[Collected data entries]
----------

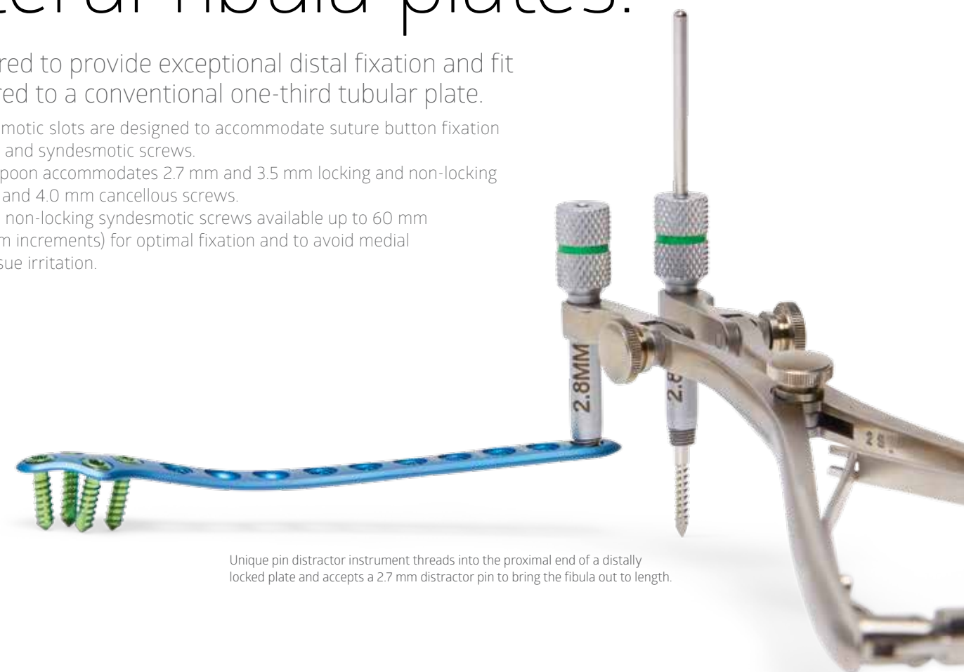
Unique pin distractor instrument threads into the proximal end of a distally locked plate and accepts a 2.7 mm distractor pin to bring the fibula out to length.
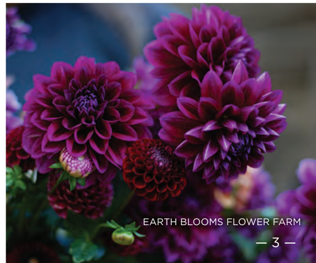
EARTH BLOOMS FLOWER FARM
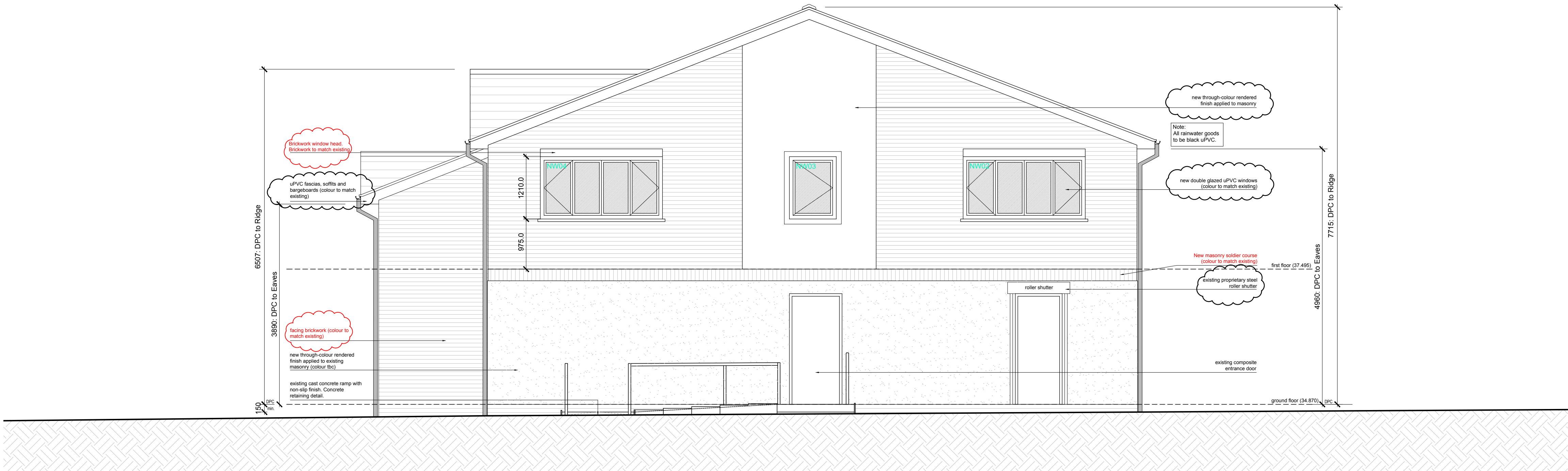
WEST ELEVATION SCALE: 1:50 @ A1
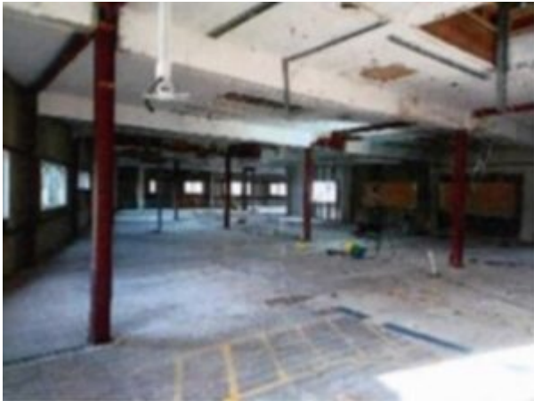
The ground and first floor of the building with AIB present on the walls

All three defendants pleaded guilty to charges relating to a lack of adequate management of the removal of asbestos containing materials.
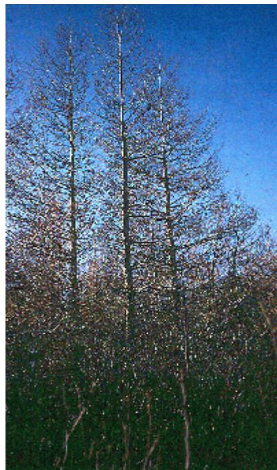
The excellent growth of these 11-13 m tall, 15 year-old Japanese larch above Bay Bulls was greatly enhanced by the shelter and nitrogen fixing attributes of alder thickets.
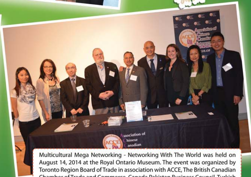
Multicultural Mega Networking - Networking With The World was held on August 14, 2014 at the Royal Ontario Museum. The event was organized by Toronto Region Board of Trade in association with ACCE, The British Canadian Chamber of Trade and Commerce, Canada Pakistan Business Council, Turkish Canadian Chamber of Commerce and other associations.
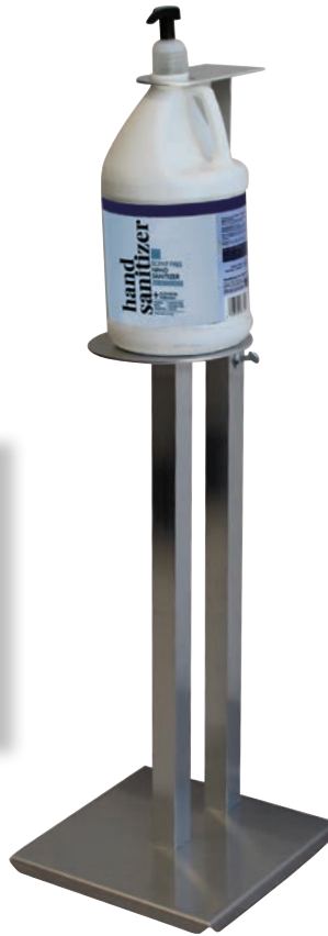
SST-24 Shown With Gallon Container
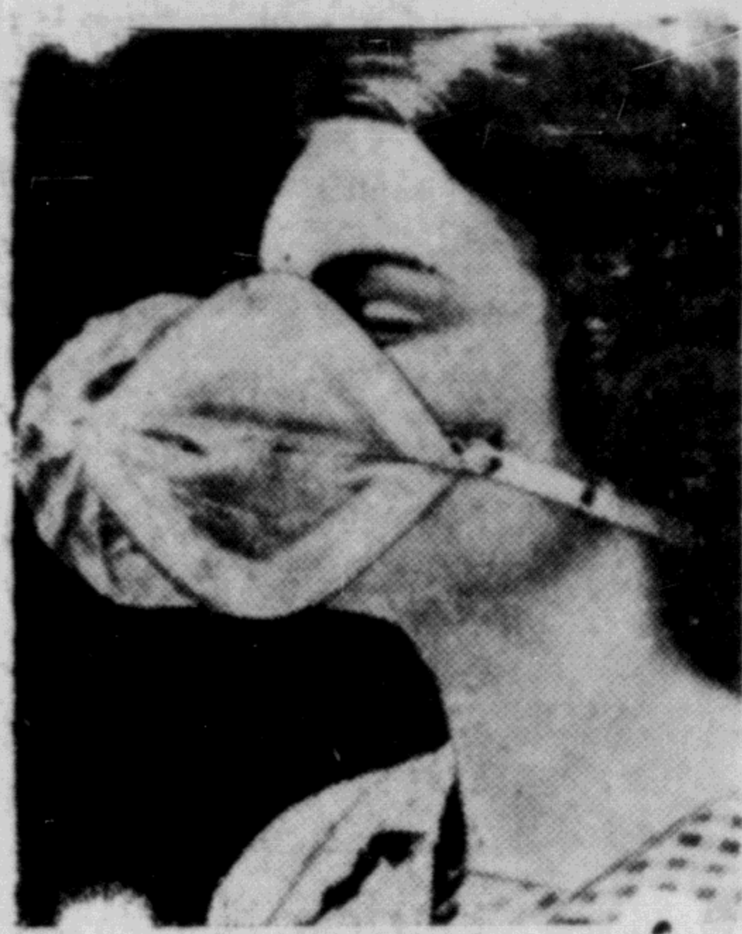
NOT MADE FOR BEAUTY—

cent Sunday. The concession booth was emptied of ice cream, pop and hot dogs.
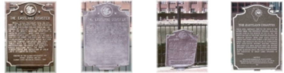
[Photos, from left: June 4, 1989 dedication ; 1999; April 2000; July 2003]
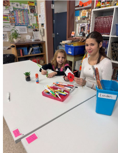
Grade 7 and Grade 1 buddies making poppies together
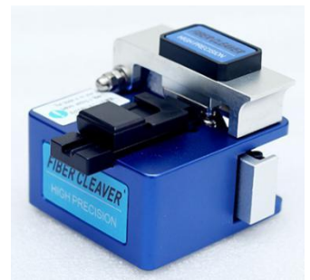
LFC-300 Fiber Cleaver
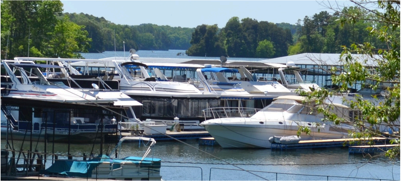
Lake Lanier Marinas
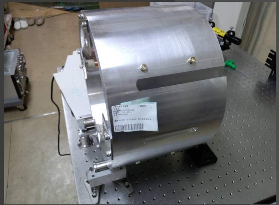
Type-B TM-RM prototype
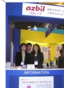
Tem-Tech Lab. Co. Ltd
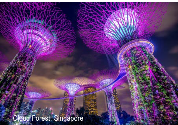
Cloud Forest, Singapore
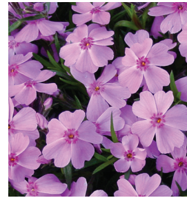
Phlox subulata 'Ronsdorfer Beauty'
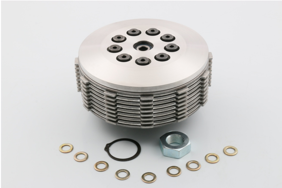
Top picture CC-122H-CSPP, Competitor Clutch Complete. Fits 2011-2016 Big Twins. W/ HYD Clutch

Refer to the OEM Service Manual for how to R&R your stock clutch, clutch basket and clutch hub, Our CC-122-CSPP Competitor clutch hub with press into basket just as a stock one does.

----------

WORK INSTRUCTION:
The entries above must be restated exactly in the answer, and the pictures left out.

RESPONSE TO THE TASK:
Unique pin distractor instrument threads into the proximal end of a distally locked plate and accepts a 2.7 mm distractor pin to bring the fibula out to length.
EARTH BLOOMS FLOWER FARM
WEST ELEVATION SCALE: 1:50 @ A1
The ground and first floor of the building with AIB present on the walls

All three defendants pleaded guilty to charges relating to a lack of adequate management of the removal of asbestos containing materials.
The excellent growth of these 11-13 m tall, 15 year-old Japanese larch above Bay Bulls was greatly enhanced by the shelter and nitrogen fixing attributes of alder thickets.
Multicultural Mega Networking - Networking With The World was held on August 14, 2014 at the Royal Ontario Museum. The event was organized by Toronto Region Board of Trade in association with ACCE, The British Canadian Chamber of Trade and Commerce, Canada Pakistan Business Council, Turkish Canadian Chamber of Commerce and other associations.
SST-24 Shown With Gallon Container
NOT MADE FOR BEAUTY—

cent Sunday. The concession booth was emptied of ice cream, pop and hot dogs.
[Photos, from left: June 4, 1989 dedication ; 1999; April 2000; July 2003]
Grade 7 and Grade 1 buddies making poppies together
LFC-300 Fiber Cleaver
Lake Lanier Marinas
Type-B TM-RM prototype
Tem-Tech Lab. Co. Ltd
Cloud Forest, Singapore
Phlox subulata 'Ronsdorfer Beauty'
Top picture CC-122H-CSPP, Competitor Clutch Complete. Fits 2011-2016 Big Twins. W/ HYD Clutch

Refer to the OEM Service Manual for how to R&R your stock clutch, clutch basket and clutch hub, Our CC-122-CSPP Competitor clutch hub with press into basket just as a stock one does.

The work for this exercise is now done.